● **Extracted information**
-------------------------
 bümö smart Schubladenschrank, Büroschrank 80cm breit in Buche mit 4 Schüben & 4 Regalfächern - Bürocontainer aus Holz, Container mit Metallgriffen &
-------------------------
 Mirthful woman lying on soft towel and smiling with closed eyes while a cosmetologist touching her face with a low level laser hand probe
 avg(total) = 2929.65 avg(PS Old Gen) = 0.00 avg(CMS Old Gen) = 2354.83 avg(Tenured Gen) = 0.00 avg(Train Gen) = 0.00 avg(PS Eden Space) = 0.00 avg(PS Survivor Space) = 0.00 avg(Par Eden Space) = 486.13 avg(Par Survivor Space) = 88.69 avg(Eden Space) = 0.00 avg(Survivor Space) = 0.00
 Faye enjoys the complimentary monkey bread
-------------------------
● **What this task involves**
From the records above, print only the lines between the one holding "avg(total) = 2929.65" and the one holding "Faye enjoys the complimentary monkey bread", inclusive, exactly as they stand.

● **Expected answer**
 avg(total) = 2929.65 avg(PS Old Gen) = 0.00 avg(CMS Old Gen) = 2354.83 avg(Tenured Gen) = 0.00 avg(Train Gen) = 0.00 avg(PS Eden Space) = 0.00 avg(PS Survivor Space) = 0.00 avg(Par Eden Space) = 486.13 avg(Par Survivor Space) = 88.69 avg(Eden Space) = 0.00 avg(Survivor Space) = 0.00
 Faye enjoys the complimentary monkey bread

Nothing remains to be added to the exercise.